A Non-Volatile Cryogenic Random-Access Memory Based on the Quantum Anomalous Hall Effect

TL;DR

This paper presents a cryogenic, non-volatile memory device utilizing the quantum anomalous Hall effect in moiré graphene, achieving ultra-low power operation, high density, and topological protection for future electronics.

Contribution

It introduces a novel memory architecture based on QAHE, demonstrating non-volatile binary storage with controlled hysteretic switching and a new sensing mechanism to prevent data corruption.

Findings

Achieves orders of magnitude smaller cell area than existing cryogenic memories.

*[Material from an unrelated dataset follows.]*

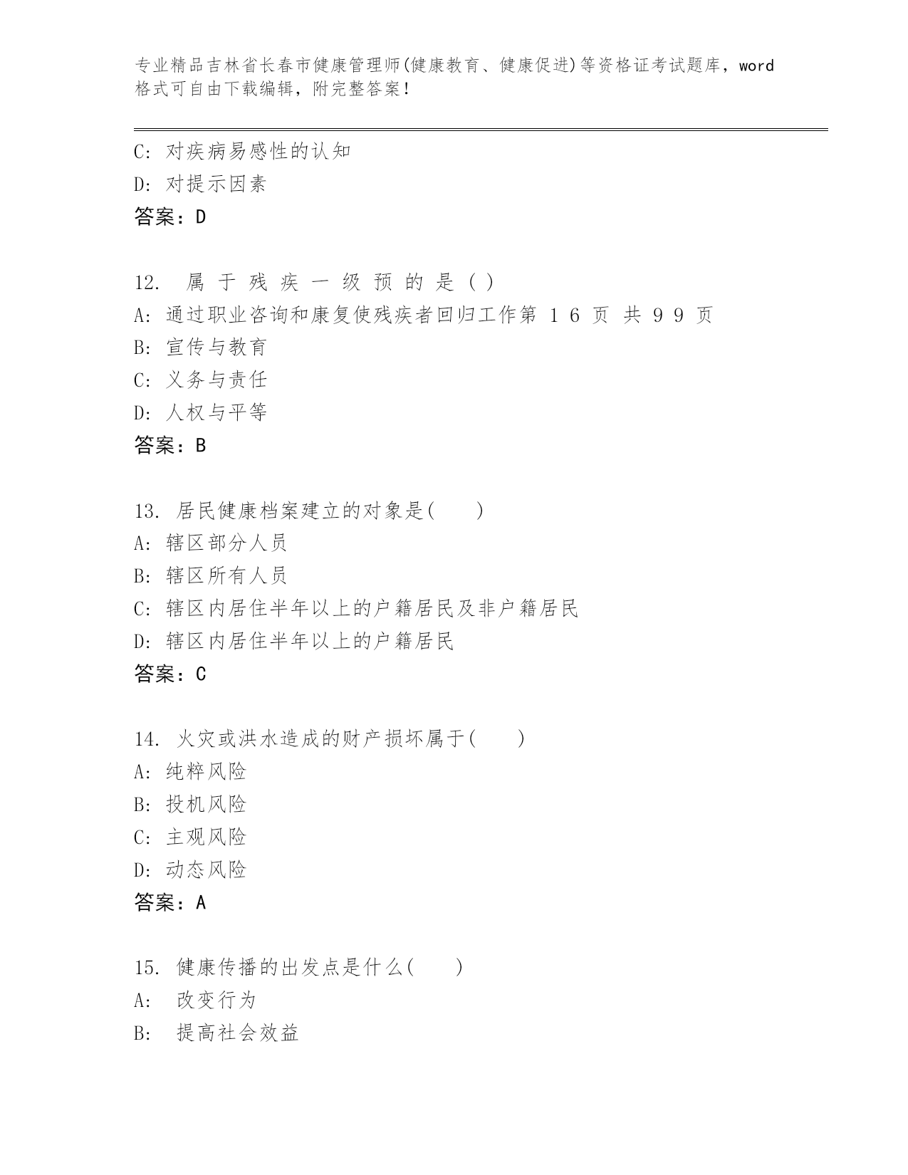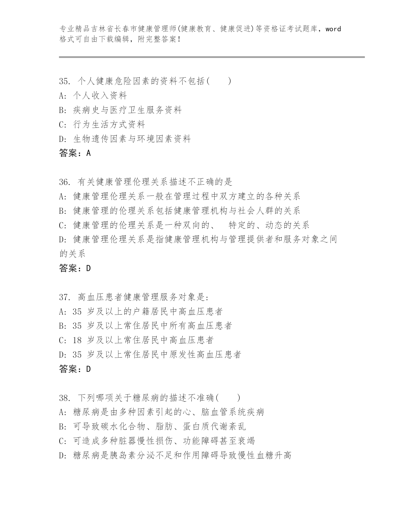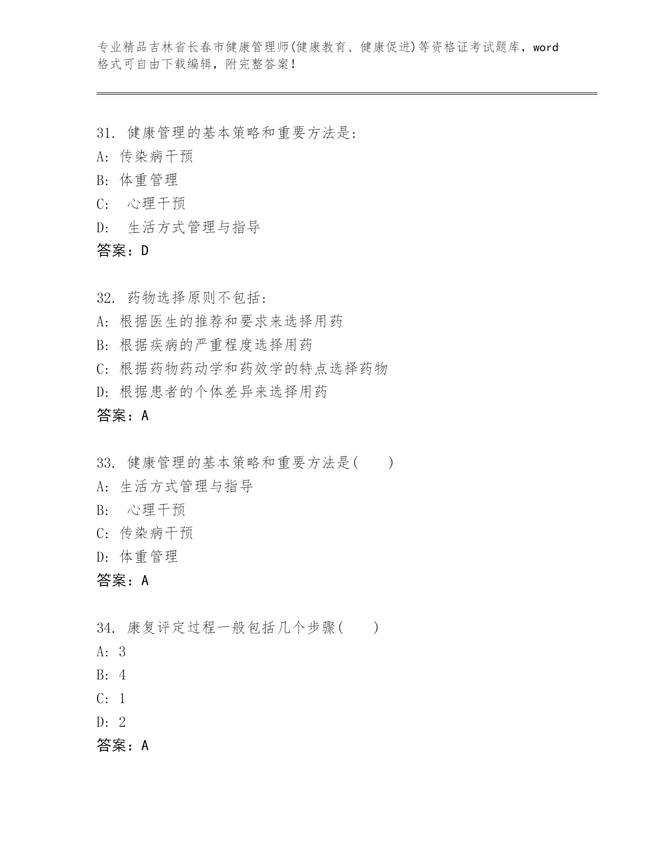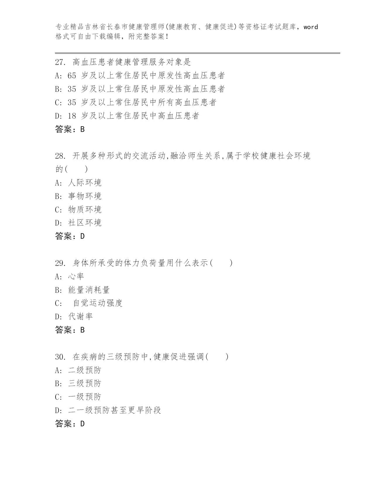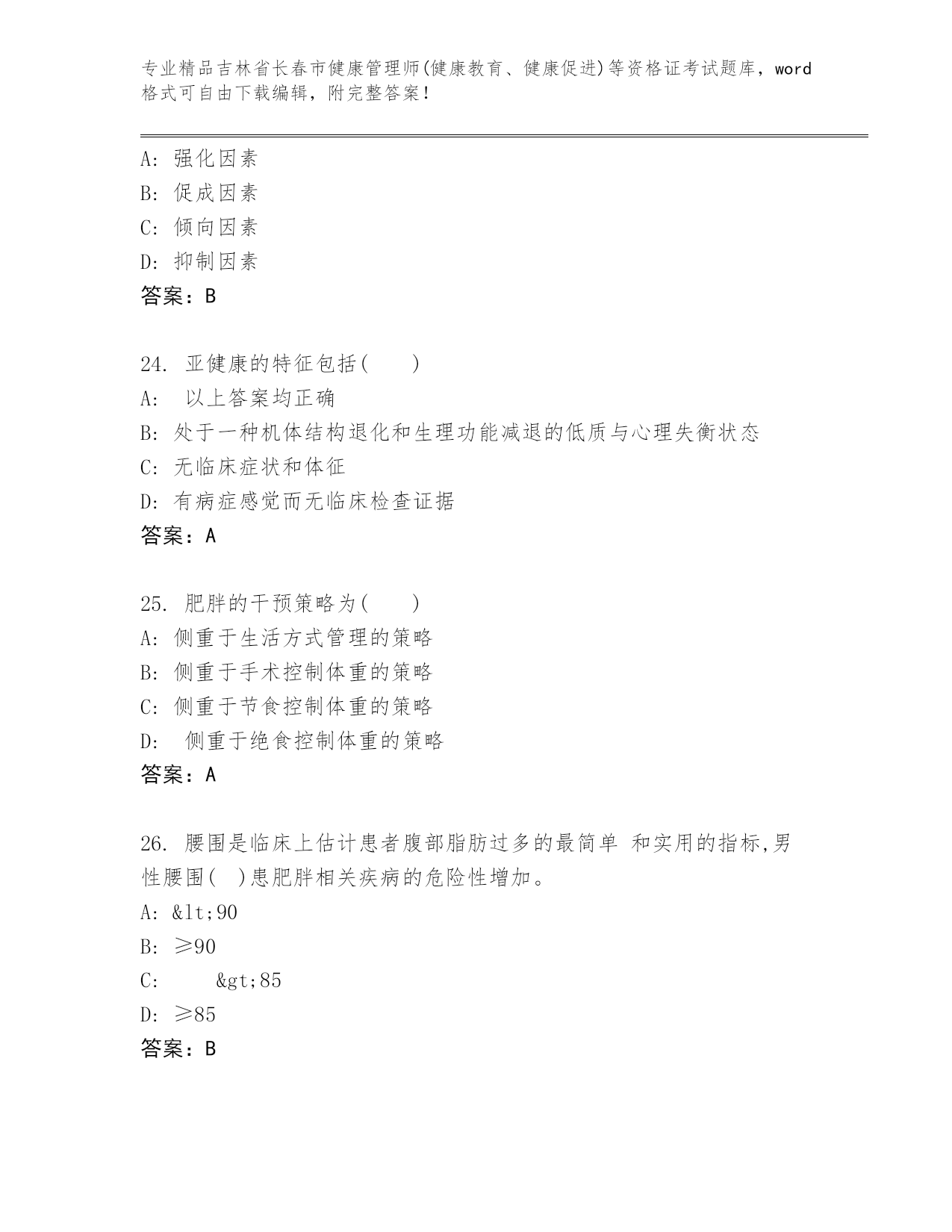 精心整理吉林省长春市健康管理师(健康教育、健康促进)等资格证考试通用题库(培优A卷)

Demonstrates reliable write and read operations using quantized Hall resistance levels.

Provides a scalable, material-agnostic platform for topologically protected memory devices.

Abstract

The interplay between ferromagnetism and topological properties of electronic band structures leads to a precise quantization of Hall resistance without any external magnetic field. This so-called quantum anomalous Hall effect (QAHE) is born out of topological correlations, and is oblivious of low-sample quality. It was envisioned to lead towards dissipationless and topologically protected electronics. However, no clear framework of how to design such an electronic device out of it exists. Here we construct an ultra-low power, non-volatile, cryogenic memory architecture leveraging the QAHE phenomenon. Our design promises orders of magnitude lower cell area compared with the state-of-the-art cryogenic memory technologies. We harness the fundamentally quantized Hall resistance levels in moir\'e graphene heterostructures to store non-volatile binary bits (1, 0). We perform the memory write operation through controlled hysteretic switching between the quantized Hall states, using nano-ampere level currents with opposite polarities. The non-destructive read operation is performed by sensing the polarity of the transverse Hall voltage using a separate pair of terminals. We custom design the memory architecture with a novel sensing mechanism to avoid accidental data corruption, ensure highest memory density and minimize array leakage power. Our design is transferrable to any material platform exhibiting QAHE, and provides a pathway towards realizing topologically protected memory devices.